A presentation was given by Stephen Warren (Director of Commissioning, CCG) and Brenda Scanlan, Director of Adult Care Commissioning)

  • Integrated commissioning unit being developed.
  • Following Winterbourne Report, clear plan in Croydon to ensure people with learning disability are planned for and services needed are provided.


The following issues were raised:

  • Improved capacity in Psychological Therapies - are we involving the charity sector how?

 

Stephen Warren: We commission services from the voluntary sector. We have major challenges ahead.

 

  • The walk-in centre offers a fantastic service and welcoming atmosphere. Orthopedics - new consultant to be appointed but there are some failures to diagnose, so the processes need to be looked at.

 

Brenda Scanlan: We are recommissioning to get the right services in the right place and make them more welcoming. People have different needs.

 

  • It is an impossible task. There is insufficient funding. The report is light on harnessing the population's goodwill to take better care of themselves. We should be more aggressive to make people realise the lack of funding in future. Medicine mismanagement impacts on services - people need to manage long term conditions better.

 

Cllr Margaret Mead: People need to be supported.
Paula Swann: We are redesigning care pathways. Each of the redesigns includes prevention, self management, peer-support where appropriate, and shared decision making. 

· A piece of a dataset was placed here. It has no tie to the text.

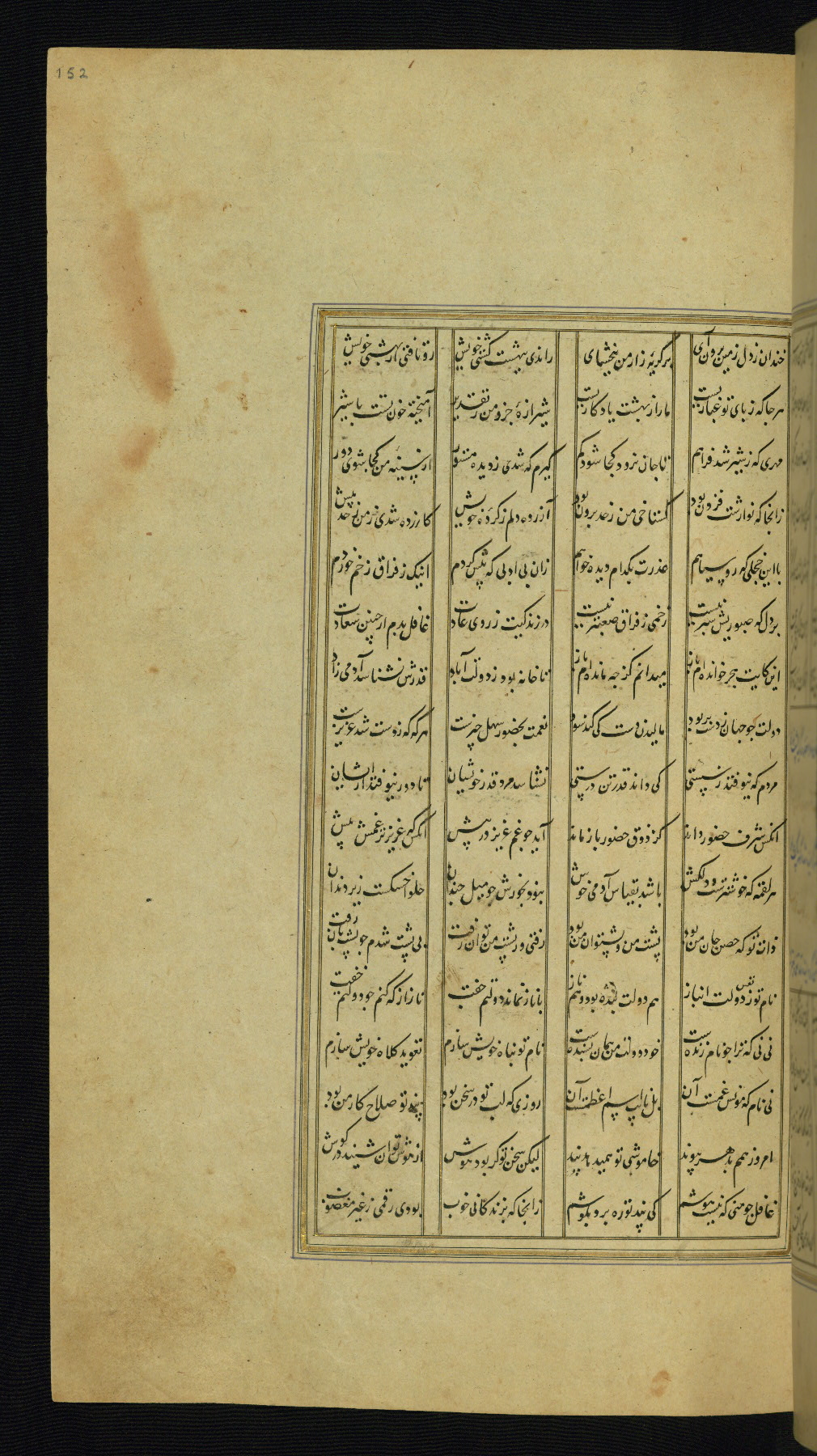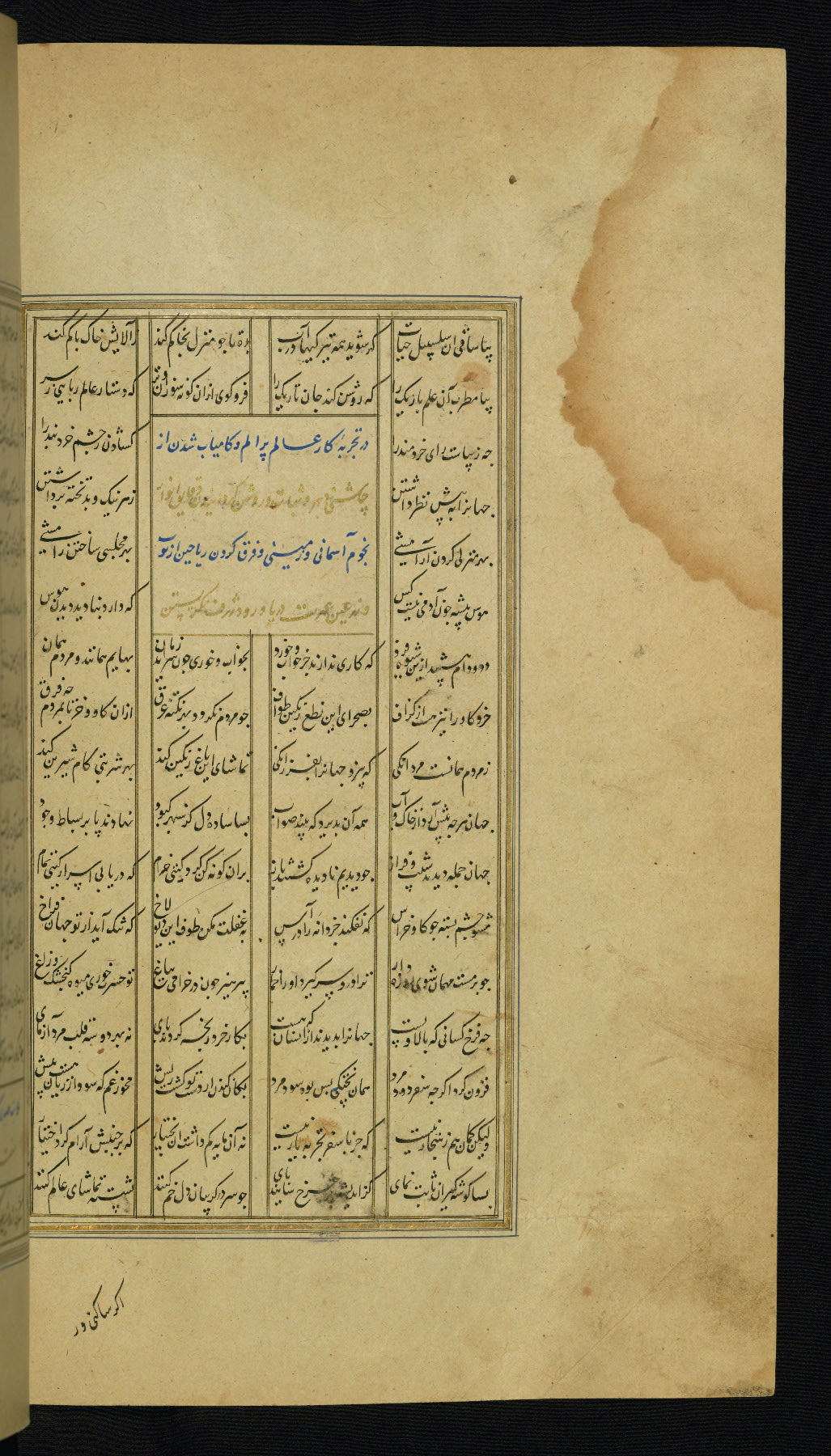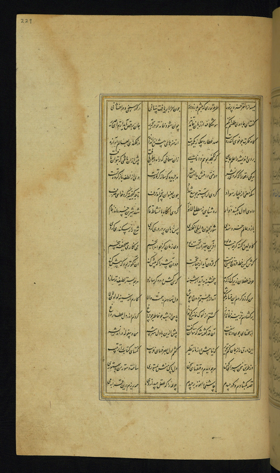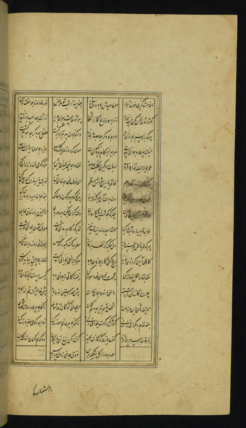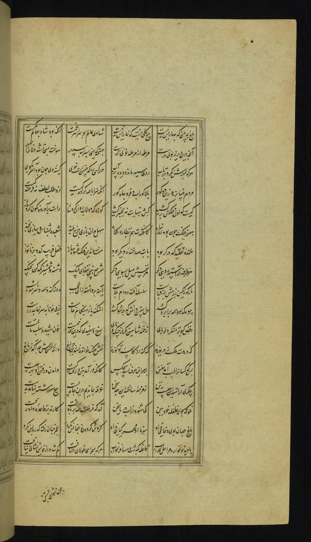 This is an illustrated and illuminated Safavid copy of the Khamsah (quintet) of Amīr Khusraw Dihlavī (d. 725 AH / 1325 CE), written by Pīr Ḥusayn al-Kātib al-Shīrāzī in 935 AH / 1529 CE. The codex opens with a double-page illuminated frontispiece with verses in honor of the poet Mir (Amir) Khusraw (fols. 1b-2a). There are four illuminated incipit pages introducing the individual poems, and thirteen paintings illustrate the text. The lacquer binding, which is not original to the manuscript, has a hunting scene on the upper and lower boards. The lower board is inscribed yā Shāh Najaf (oh, King of Najaf, i.e. ʿAlī) and is dated 1271 AH / 1854 CE.

  • To make a difference, we need to start now on self-care. Use technology - apps - to get better outcomes.
  • There is enormous pressure - challenge in recommissioning - changes in demands for mental health. As we transform, significant support is needed. 

 

The Board COMMENTED on the alignment of the Council and CCG 2014-15 health and social care commissioning intentions to the joint health and wellbeing strategy priorities for action.

A69/13 PHARMACEUTICAL NEEDS ASSESSMENT

Kate Woollcombe (Deputy Director of Public Health) gave a summary of the report.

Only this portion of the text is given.